With new scientific discoveries, recent flybys and future missions planned, are we about to finally unlock the secrets of the hellish planet? Planetary scientist Emily Lakdawalla investigates

A synthesised false colour image of Venus captured by Akatsuki. Blue and green show ultraviolet light, while red shows infrared

Venus is in the hot seat this year: NASA and ESA recently announced three new missions to our nearest planetary neighbour, and another two have just flown past on their way to different destinations. Back in August, ESA’s Solar Orbiter and the ESA-JAXA collaboration, BepiColombo, performed gravity-assist flybys, marking the first time since 1985 that three spacecraft have made in-situ scientific observations at Venus at the same time. (The third JAXA’s Akatsuki, has been in orbit since December 2015.)

Solar Orbiter is, obviously, a mission to study the Sun, not planets, so most of its cameras are useless at Venus. Most of BepiColombo’s sensitive cameras can’t see space during its long cruise to Mercury. But both spacecraft carry large suites of instruments designed to measure the intensity and direction of magnetic fields and other instruments that count the number and energy of charged particles (electrons, ions and larger particles). BepiColombo also carries an accelerometer that measures variations in the force of gravity as the spacecraft flies across a planet, giving clues to the composition of its mysterious interior.

BepiColombo snapped this image as it hurtled past Venus on its way to Mercury
Solar Orbiter captured a gleaming view of Venus during its flyby in August 2021
Across the bow

Venus doesn’t have its own magnetic field, but the Sun induces one. As the solar wind streams outwards Venus’s field cuts a bow shock into it, similar to the wake from a speedboat. Both BepiColombo and Solar Orbiter approached Venus from within Venus’s ‘wake’, crossing over the bow shock near the time of closest

approach. Solar Orbiter travelled the path 33 hours before BepiColombo. Having three different spacecraft travelling across large swaths of the magnetic field at the same time in different positions will have produced a rich set of science data and will help ESA plan its future EnVision mission to the planet (due to launch in the 2030s).

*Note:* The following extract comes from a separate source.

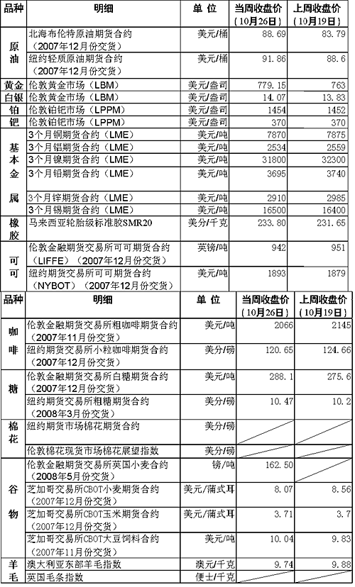 当周芝加哥小麦期货价格连续几个交易日深度下跌,盘中一度跌破每蒲式耳8美元大关。分析师称,这一方面是因为全球主要的小麦进口国可能在前一阶段已购进大量小麦,导致美国小麦的出口速度短期内下滑;另一方面,有关澳大利亚小麦减产的消息已被市场吸收,同时小麦种植面积预计在明年又将大幅度增加,市场对未来供给的担心因而得到缓解。 受中东局势趋紧、美国原油库存减少、美元走软以及投机炒作等因素影响,当周纽约市场原油期货价格两次创下收盘价新高。美国能源部24日公布报告称,在截至19日的一周里,美国原油商业库存猛降530万桶,至3.166亿桶,大大超出市场的预期。受上述因素影响,继25日每桶大涨3.36美元并收于90.46美元之后,26日纽约市场原油期货价格每桶又比前一个交易日上涨1.40美元,收于91.86美元,再创历史新高。 油价上涨和美元走软引发了市场对通胀加剧的担忧,投资者因此积极买入黄金等贵金属实现投资保值,这是当周贵金属价格上涨的主要原因。26日,伦敦市场黄金价格一度攀升至每盎司782美元,创下自1980年1月来的最高纪录。 与贵金属价格走势相反,铜、铝、镍、铅等基本金属期价出现小幅下滑现象。分析人士称,存货的增加和基本金属消费大国——美国经济数据的疲软是其价格回落的主要原因。不过,也有业内人士指出,美联储有望在10月31日召开的货币政策会议上做出再次降息的决定,此举将推动美国对大宗商品需求量的增加,因此基本金属价格仍有反弹的希望。 国际油价的攀升也推高了橡胶、玉米和糖的价格。在橡胶合成的生产过程中原油起着不可或缺的作用;玉米和用来榨糖的甘蔗均是制造乙醇这种廉价生物燃料的重要原料,原油价格持续上涨对玉米和糖的价格上涨起到了推波助澜的作用。

The two spacecraft passed by Venus on different sides. The result was an acceleration of Solar Orbiter, speeding it on towards a November flyby of Earth and the beginning of its science mission. BepiColombo lost speed, dropping it closer to the Sun. It was due to meet Mercury in October this year, the first of six flybys before it gets captured on the seventh meeting in December 2025.

Back on Earth, scientists are still publishing new results from ESA’s Venus Express mission, which ended in January 2015, and are studying our neighbour with ground telescopes. In 2020, astronomers announced they’d detected phosphine in Venus’s atmosphere using the ALMA observatory. This could be a sign of life in the clouds, or could have spewed from volcanoes. Researchers at Portugal’s Instituto de Astrofísica e Ciências do Espaço (IA) recently published a new General Circulation Model for Venus, a computer model of the atmosphere that’s the necessary foundation for all predictions of weather and climate. The work focuses on a largely unexplored region of the atmosphere: a layer between the cloudy troposphere and the Sun-heated thermosphere. It explains some previously mysterious data from Venus Express, but more importantly, it generates new, detailed predictions for EnVision to test with observations.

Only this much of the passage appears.